___ Record set

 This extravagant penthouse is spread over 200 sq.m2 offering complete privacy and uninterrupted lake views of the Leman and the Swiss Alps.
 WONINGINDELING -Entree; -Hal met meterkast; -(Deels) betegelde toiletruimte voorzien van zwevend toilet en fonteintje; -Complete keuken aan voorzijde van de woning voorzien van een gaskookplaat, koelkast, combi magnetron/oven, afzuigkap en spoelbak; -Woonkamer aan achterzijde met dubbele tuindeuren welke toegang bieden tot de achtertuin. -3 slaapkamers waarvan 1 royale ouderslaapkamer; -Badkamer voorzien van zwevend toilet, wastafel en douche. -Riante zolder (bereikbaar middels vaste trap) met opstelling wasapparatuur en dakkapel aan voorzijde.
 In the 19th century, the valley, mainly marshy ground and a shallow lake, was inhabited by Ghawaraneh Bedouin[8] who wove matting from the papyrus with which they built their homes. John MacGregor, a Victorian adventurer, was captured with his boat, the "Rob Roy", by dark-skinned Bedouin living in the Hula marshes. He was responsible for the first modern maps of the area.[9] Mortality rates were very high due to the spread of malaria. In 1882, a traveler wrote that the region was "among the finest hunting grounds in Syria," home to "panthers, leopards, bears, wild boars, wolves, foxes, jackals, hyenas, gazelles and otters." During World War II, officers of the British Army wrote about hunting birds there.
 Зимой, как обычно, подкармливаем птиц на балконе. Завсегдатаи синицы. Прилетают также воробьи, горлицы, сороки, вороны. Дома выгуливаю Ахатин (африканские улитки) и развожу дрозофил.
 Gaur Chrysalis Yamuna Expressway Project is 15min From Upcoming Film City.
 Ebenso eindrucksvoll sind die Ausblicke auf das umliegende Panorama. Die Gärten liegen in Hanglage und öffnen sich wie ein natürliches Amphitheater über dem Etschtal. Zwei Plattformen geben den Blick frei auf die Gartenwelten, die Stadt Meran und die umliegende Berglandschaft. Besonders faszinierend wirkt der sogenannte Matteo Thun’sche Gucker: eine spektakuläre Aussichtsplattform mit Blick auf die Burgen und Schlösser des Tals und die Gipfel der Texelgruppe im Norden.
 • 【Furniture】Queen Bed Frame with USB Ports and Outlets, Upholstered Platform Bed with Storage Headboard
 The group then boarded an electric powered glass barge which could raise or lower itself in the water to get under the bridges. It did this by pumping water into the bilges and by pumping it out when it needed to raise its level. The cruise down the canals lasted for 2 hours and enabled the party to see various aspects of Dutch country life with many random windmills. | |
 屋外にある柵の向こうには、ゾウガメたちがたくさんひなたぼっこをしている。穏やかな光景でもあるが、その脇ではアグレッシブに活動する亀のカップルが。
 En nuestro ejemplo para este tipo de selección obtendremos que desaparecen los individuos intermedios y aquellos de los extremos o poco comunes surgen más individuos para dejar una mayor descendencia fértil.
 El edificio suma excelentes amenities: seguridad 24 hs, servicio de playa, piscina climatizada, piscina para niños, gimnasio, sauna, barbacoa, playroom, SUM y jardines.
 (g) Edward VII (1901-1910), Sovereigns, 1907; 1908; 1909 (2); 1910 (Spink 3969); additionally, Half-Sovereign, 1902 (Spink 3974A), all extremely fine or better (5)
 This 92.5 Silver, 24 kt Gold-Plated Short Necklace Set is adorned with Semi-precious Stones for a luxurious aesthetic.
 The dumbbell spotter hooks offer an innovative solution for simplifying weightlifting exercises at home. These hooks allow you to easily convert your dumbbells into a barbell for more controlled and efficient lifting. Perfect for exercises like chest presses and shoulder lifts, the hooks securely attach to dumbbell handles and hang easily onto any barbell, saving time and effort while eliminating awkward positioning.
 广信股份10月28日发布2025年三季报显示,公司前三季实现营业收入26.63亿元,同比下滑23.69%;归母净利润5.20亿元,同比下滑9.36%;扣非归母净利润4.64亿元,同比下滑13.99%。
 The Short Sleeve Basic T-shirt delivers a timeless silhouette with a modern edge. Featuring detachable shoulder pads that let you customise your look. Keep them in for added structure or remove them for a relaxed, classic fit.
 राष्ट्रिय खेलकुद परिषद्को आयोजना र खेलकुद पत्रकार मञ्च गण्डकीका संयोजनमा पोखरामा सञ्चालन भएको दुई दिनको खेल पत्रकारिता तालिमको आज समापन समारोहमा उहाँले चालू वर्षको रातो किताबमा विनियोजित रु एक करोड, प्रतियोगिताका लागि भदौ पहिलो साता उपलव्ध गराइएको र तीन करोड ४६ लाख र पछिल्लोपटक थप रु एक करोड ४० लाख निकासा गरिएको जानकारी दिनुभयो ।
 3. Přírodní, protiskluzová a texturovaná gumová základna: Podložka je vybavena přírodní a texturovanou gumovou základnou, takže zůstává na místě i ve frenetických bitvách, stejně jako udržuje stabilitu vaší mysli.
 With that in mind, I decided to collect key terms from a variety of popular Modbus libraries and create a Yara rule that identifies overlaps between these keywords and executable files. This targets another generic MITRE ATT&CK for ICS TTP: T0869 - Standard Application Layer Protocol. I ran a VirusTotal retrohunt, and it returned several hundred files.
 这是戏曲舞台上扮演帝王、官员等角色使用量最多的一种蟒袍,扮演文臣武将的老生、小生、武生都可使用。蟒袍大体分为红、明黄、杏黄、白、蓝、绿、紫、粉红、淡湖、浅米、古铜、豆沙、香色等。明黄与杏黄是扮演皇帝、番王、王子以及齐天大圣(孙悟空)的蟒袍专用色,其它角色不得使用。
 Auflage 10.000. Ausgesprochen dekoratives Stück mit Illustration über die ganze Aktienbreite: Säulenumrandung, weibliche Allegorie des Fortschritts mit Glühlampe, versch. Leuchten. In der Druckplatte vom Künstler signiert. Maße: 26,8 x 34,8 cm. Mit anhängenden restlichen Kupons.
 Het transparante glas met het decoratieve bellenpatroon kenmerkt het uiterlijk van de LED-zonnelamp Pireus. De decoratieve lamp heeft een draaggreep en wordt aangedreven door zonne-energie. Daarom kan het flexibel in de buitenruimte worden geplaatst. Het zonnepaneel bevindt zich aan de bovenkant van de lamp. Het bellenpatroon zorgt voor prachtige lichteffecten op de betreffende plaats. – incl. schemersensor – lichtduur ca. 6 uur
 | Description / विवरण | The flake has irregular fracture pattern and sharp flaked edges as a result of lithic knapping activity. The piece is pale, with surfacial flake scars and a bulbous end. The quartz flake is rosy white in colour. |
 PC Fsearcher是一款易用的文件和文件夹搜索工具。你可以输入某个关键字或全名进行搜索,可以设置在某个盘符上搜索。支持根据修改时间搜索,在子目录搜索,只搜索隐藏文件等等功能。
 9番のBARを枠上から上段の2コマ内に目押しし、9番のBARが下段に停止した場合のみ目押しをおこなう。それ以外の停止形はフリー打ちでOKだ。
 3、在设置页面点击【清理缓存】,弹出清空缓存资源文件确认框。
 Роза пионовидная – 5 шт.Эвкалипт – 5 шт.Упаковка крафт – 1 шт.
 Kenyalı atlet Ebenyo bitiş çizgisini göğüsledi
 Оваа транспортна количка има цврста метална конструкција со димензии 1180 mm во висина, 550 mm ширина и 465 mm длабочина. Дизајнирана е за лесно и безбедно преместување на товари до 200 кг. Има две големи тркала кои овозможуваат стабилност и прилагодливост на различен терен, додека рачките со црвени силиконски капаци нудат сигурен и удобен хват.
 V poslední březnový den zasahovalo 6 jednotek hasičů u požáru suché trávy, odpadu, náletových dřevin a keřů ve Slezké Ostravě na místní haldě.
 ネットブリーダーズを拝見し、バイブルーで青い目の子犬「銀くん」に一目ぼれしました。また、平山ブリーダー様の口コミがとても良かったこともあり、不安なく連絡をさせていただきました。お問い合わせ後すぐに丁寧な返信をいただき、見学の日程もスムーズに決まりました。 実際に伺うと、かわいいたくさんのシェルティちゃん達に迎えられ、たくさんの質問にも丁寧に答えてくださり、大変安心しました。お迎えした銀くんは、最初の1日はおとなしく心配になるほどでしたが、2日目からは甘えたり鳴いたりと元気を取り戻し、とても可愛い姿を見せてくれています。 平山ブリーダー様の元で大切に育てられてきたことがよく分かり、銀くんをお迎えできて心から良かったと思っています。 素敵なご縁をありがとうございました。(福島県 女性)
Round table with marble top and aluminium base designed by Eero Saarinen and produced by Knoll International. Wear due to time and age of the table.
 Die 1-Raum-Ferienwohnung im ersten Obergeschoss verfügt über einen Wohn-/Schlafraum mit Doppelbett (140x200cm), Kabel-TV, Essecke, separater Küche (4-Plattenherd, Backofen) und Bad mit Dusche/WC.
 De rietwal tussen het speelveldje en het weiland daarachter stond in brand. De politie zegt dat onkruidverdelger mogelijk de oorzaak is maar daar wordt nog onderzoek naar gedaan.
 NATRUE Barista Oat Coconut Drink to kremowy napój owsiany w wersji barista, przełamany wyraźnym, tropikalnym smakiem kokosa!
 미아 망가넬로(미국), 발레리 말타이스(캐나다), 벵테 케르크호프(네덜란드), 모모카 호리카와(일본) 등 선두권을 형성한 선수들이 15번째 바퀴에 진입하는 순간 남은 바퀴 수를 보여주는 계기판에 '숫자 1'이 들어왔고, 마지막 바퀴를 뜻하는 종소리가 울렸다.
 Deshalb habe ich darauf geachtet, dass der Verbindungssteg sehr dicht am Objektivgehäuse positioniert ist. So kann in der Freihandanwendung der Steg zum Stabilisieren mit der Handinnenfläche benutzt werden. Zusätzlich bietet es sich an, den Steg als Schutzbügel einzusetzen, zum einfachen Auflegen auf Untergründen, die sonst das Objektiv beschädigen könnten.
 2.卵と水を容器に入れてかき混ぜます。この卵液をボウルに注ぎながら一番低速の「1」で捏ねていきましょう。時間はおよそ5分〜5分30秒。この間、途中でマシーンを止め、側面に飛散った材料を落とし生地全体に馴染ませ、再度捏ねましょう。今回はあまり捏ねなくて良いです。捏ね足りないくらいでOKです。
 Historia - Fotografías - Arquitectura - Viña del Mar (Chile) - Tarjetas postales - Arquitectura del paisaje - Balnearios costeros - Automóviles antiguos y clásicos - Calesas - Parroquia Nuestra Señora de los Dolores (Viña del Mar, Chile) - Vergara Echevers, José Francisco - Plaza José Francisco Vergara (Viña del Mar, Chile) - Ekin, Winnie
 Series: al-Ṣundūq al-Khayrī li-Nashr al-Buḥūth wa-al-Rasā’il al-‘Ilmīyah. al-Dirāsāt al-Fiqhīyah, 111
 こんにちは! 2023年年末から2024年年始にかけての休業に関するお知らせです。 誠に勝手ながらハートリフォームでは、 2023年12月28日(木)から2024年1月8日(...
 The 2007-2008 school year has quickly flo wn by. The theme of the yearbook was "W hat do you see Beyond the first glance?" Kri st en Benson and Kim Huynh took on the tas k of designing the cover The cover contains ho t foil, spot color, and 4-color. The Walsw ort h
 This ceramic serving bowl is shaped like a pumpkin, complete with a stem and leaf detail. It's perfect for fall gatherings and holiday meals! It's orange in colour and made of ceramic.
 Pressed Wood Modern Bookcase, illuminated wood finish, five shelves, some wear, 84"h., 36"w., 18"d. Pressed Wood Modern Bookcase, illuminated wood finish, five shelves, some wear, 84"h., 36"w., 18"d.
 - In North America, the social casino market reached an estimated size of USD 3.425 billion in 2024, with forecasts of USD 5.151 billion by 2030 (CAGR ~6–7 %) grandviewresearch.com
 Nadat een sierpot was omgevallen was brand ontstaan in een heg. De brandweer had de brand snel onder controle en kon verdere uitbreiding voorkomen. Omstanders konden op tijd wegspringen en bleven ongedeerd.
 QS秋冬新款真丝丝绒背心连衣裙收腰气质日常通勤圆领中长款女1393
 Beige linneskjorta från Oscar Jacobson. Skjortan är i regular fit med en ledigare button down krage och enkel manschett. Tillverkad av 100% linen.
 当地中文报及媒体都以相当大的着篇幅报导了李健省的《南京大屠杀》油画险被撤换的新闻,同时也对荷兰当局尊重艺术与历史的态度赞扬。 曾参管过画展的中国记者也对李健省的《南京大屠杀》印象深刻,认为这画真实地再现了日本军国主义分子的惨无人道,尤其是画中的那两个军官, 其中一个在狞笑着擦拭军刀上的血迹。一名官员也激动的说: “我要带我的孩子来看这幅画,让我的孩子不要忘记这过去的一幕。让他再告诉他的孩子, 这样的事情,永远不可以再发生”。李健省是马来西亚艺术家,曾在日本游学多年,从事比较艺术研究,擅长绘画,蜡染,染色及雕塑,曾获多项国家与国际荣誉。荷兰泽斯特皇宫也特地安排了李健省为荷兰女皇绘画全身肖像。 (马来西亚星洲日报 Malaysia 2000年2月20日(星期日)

______

Only one span is to be repeated: the line with "こんにちは! 2023年年末から2024年年始にかけての休業に関するお知らせです。 誠に勝手ながらハートリフォームでは、" through the final line of the entries above, word for word.

 こんにちは! 2023年年末から2024年年始にかけての休業に関するお知らせです。 誠に勝手ながらハートリフォームでは、 2023年12月28日(木)から2024年1月8日(...
 The 2007-2008 school year has quickly flo wn by. The theme of the yearbook was "W hat do you see Beyond the first glance?" Kri st en Benson and Kim Huynh took on the tas k of designing the cover The cover contains ho t foil, spot color, and 4-color. The Walsw ort h
 This ceramic serving bowl is shaped like a pumpkin, complete with a stem and leaf detail. It's perfect for fall gatherings and holiday meals! It's orange in colour and made of ceramic.
 Pressed Wood Modern Bookcase, illuminated wood finish, five shelves, some wear, 84"h., 36"w., 18"d. Pressed Wood Modern Bookcase, illuminated wood finish, five shelves, some wear, 84"h., 36"w., 18"d.
 - In North America, the social casino market reached an estimated size of USD 3.425 billion in 2024, with forecasts of USD 5.151 billion by 2030 (CAGR ~6–7 %) grandviewresearch.com
 Nadat een sierpot was omgevallen was brand ontstaan in een heg. De brandweer had de brand snel onder controle en kon verdere uitbreiding voorkomen. Omstanders konden op tijd wegspringen en bleven ongedeerd.
 QS秋冬新款真丝丝绒背心连衣裙收腰气质日常通勤圆领中长款女1393
 Beige linneskjorta från Oscar Jacobson. Skjortan är i regular fit med en ledigare button down krage och enkel manschett. Tillverkad av 100% linen.
 当地中文报及媒体都以相当大的着篇幅报导了李健省的《南京大屠杀》油画险被撤换的新闻,同时也对荷兰当局尊重艺术与历史的态度赞扬。 曾参管过画展的中国记者也对李健省的《南京大屠杀》印象深刻,认为这画真实地再现了日本军国主义分子的惨无人道,尤其是画中的那两个军官, 其中一个在狞笑着擦拭军刀上的血迹。一名官员也激动的说: “我要带我的孩子来看这幅画,让我的孩子不要忘记这过去的一幕。让他再告诉他的孩子, 这样的事情,永远不可以再发生”。李健省是马来西亚艺术家,曾在日本游学多年,从事比较艺术研究,擅长绘画,蜡染,染色及雕塑,曾获多项国家与国际荣誉。荷兰泽斯特皇宫也特地安排了李健省为荷兰女皇绘画全身肖像。 (马来西亚星洲日报 Malaysia 2000年2月20日(星期日)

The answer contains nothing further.